Kelling has little stories about many of the menu’s burgers, chicken sandwiches, salads, sides and desserts that prove this. For example: the grain salad, which was missing something until he took it home and his wife suggested pesto would zing it up. It now has pesto. There’s also the Champ Burger, a double-layered smashburger, which Kelling calls his “platonic ideal.” Or the peanut butter and jelly milkshake, a nod to his frequent consumption of the iconic sandwich, and the strawberry milkshake.

“When I was a kid, I would only order strawberry milkshakes because my mom hates strawberries, so I wouldn't have to share it with her,” he says. “I hate sharing milkshakes.”

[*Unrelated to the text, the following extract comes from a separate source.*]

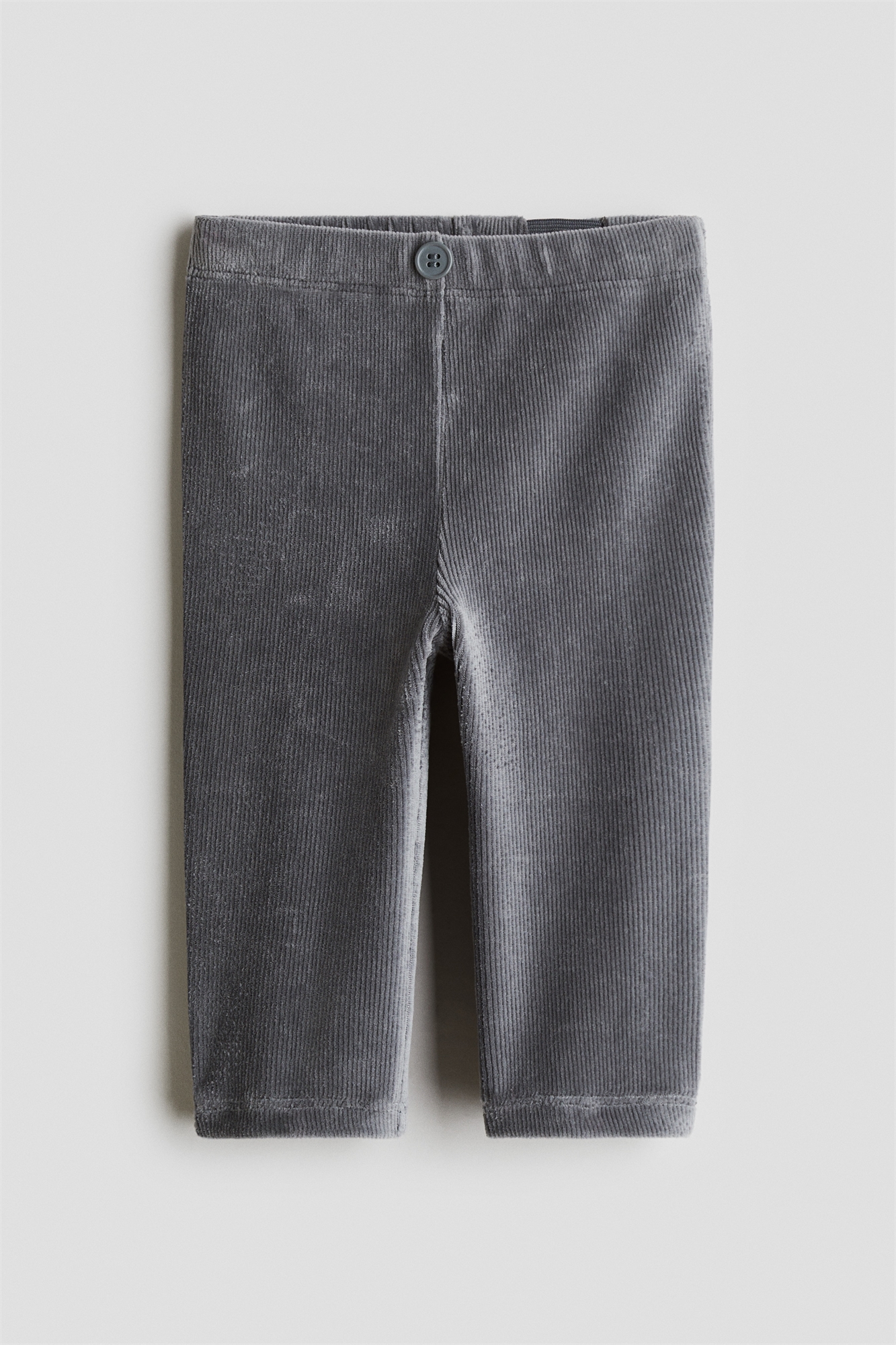 Леггинсы из мягкого ребристого велюра с декоративной пуговицей спереди и регулируемым эластичным поясом.
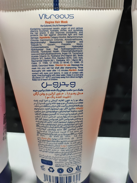 ماسک مو رجینا ویتروس مناسب موهای رنگ شده خشک و آسیب دیده با داشتن ترکیبات موثر حاوی کراتین و روغن آرگان به تقویت، تثبیت رنگ مو، حالت دهی و بهبود شانه پذیری مو کمک میکند تا موهایی زیبا و سالم داشته باشید.

Then there are the French fries, a basket mounded with ultra skinny ones of both the standard and sweet potato variety. Kelling’s daughter had requested he put sweet potato fries on the menu, so he came up with this combo offering. They are delightfully crunchy and addictive, and Kelling sneaks them throughout the interview. 

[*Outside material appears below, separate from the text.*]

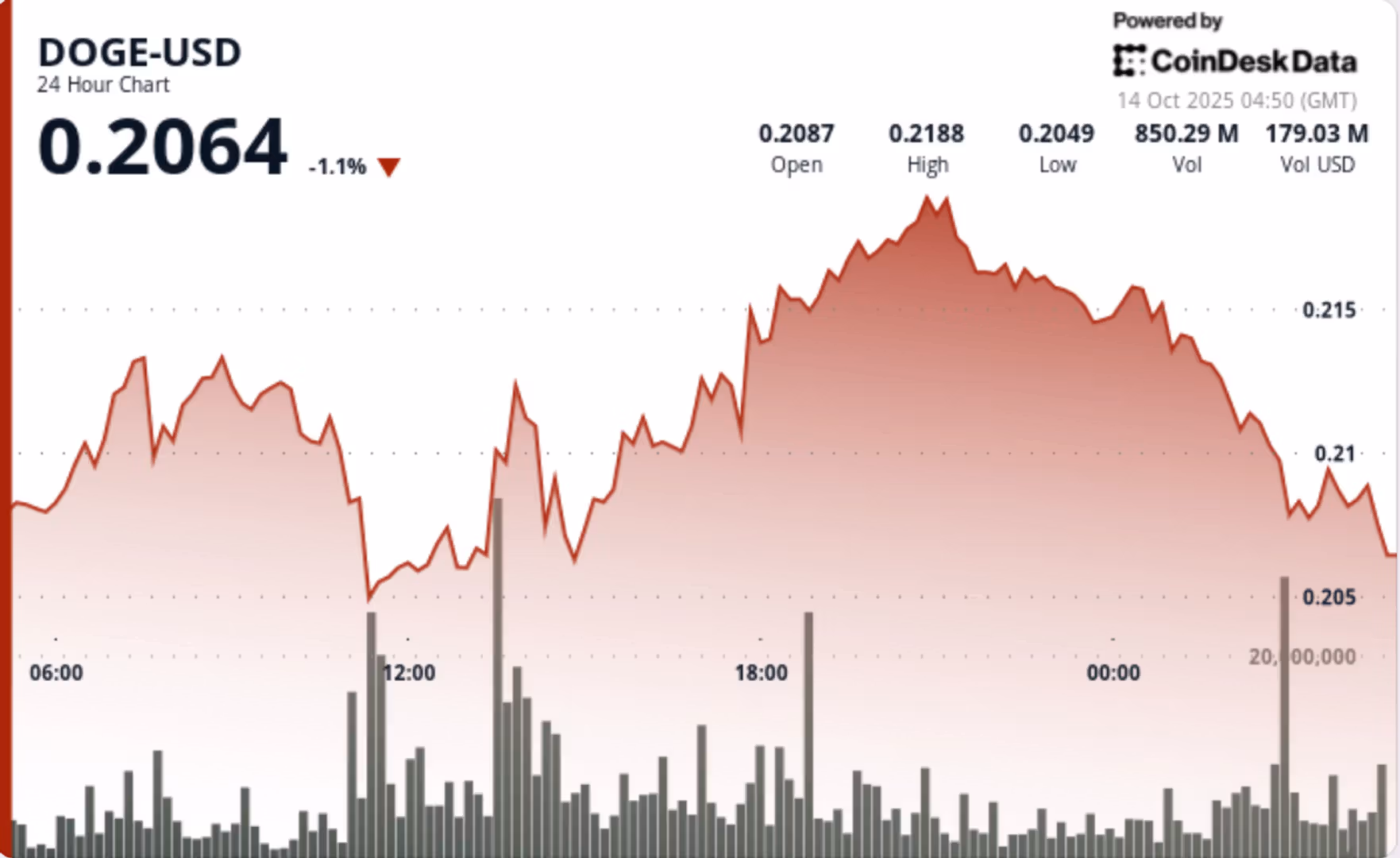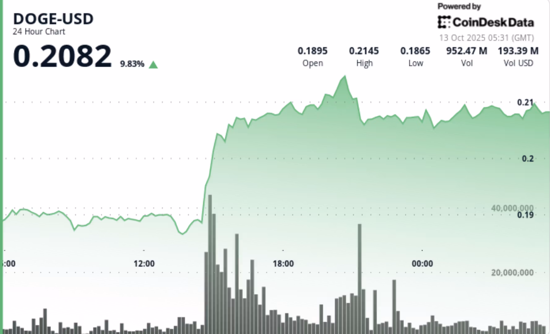 Dogecoin experienced a 50% flash crash on Oct 10, dropping from $0.22 to $0.11 before recovering to the $0.19–$0.20 range.

click to enlarge Kelling's daughter requested sweet potato fries so he made it happen.
Jessica Rogen
Kelling's daughter requested sweet potato fries, so he made it happen.

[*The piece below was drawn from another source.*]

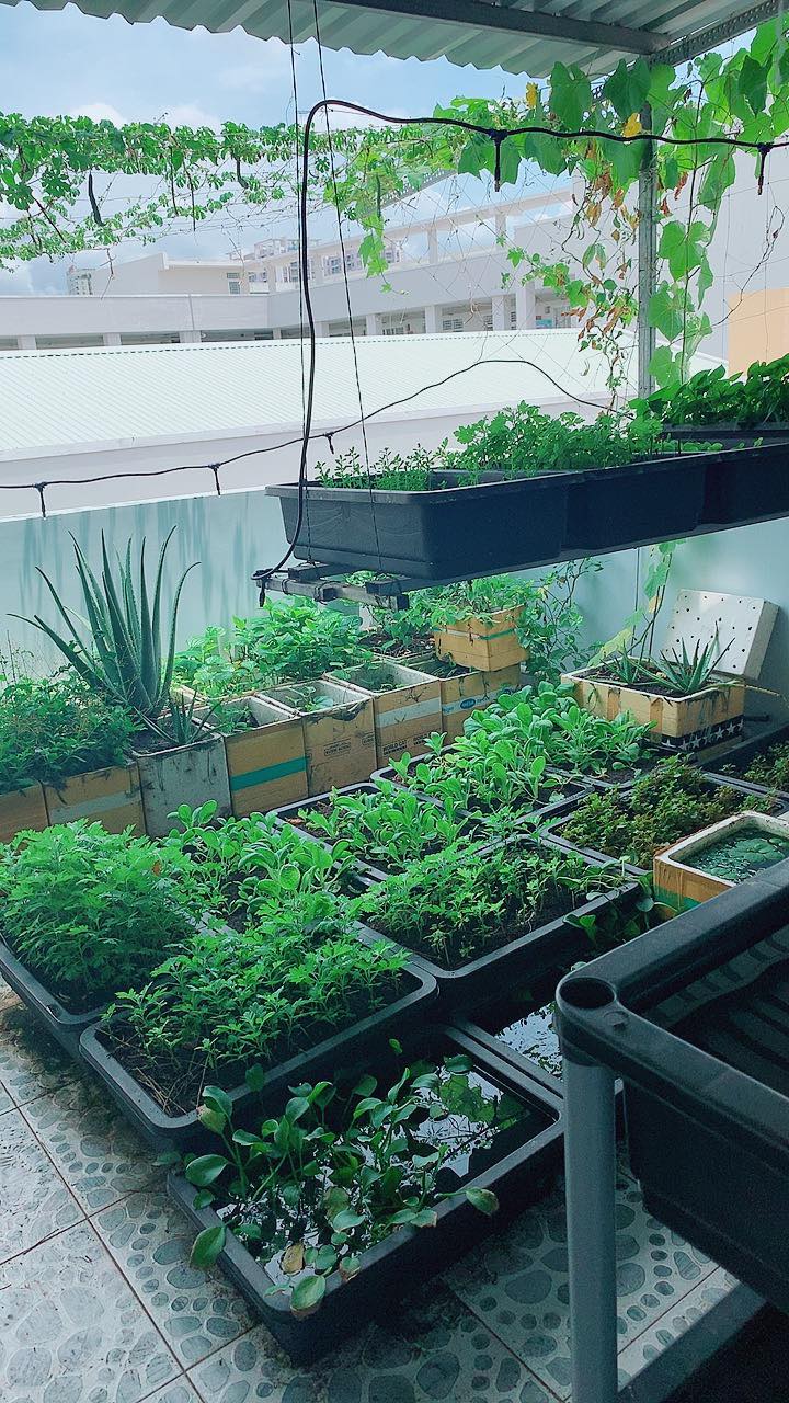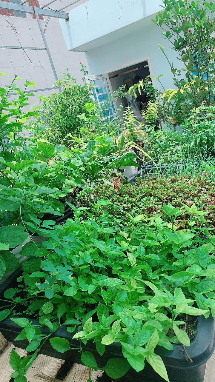 - Không gian giữa là cây xanh và cây cảnh, cá cảnh.

“I’m always snacking,” he admits — something, he says, that Burger Champ Chef Jeff Friesen “learned very quickly.”

Burger Champ’s green salad comes topped with chow mein noodles, a nod to a childhood love for grocery store salad bars. Friesen also witnessed just how fast Kelling can snack through bags of those crunchy noodles.

Personal touches are also readily apparent in the interior, which is bright and features bold red walls with graffiti-style versions of the Champ logo painted by two Wash U art students, Maddie Baker and Sarah Hawkes of Moxy Murals. Kelling’s Elmwood, which this space was previously home to, was known for its hospitality. Since Burger Champ won’t have servers — it’s an order at the bar or by QR code place — he carefully considered how to ensure that the hospitality element would be strong and decided it came down to hiring the right crew.

click to enlarge Bangers Only cocktail consultants Tim Wiggins and Kyle Mathis developed the draft cocktails.
Jessica Rogen
Bangers Only cocktail consultants Tim Wiggins and Kyle Mathis developed the draft cocktails.
Putting something out there so intrinsically him, for another person, might be frightening. But Kelling doesn’t have that reaction.

“It feels great,” he says. “Like, the Vikings burning the boats. This is everything I have. This is it. I hope people like it. I can say with 100 percent certainty that I’ve given this my all.”

But however much of Kelling might be in Burger Joint, he’s quick to point out that it’s not a solitary effort. There’s the team who made the food and drink happen (Friesen, Bangers Only co-owners Tim Wiggins and Kyle Mathis who developed the cocktail menu, pastry chef Matthew Rice who came up with the shakes), the branding company Yellow Ranger, which designed the crown logo; custom furniture maker David Stine; and so many others. 

“I'm fortunate; I've always been surrounded by really great people since I came to St. Louis in 2009,” Kelling says. “It’s pretty humbling to have that many people help you bring something to life. It’s pretty cool.”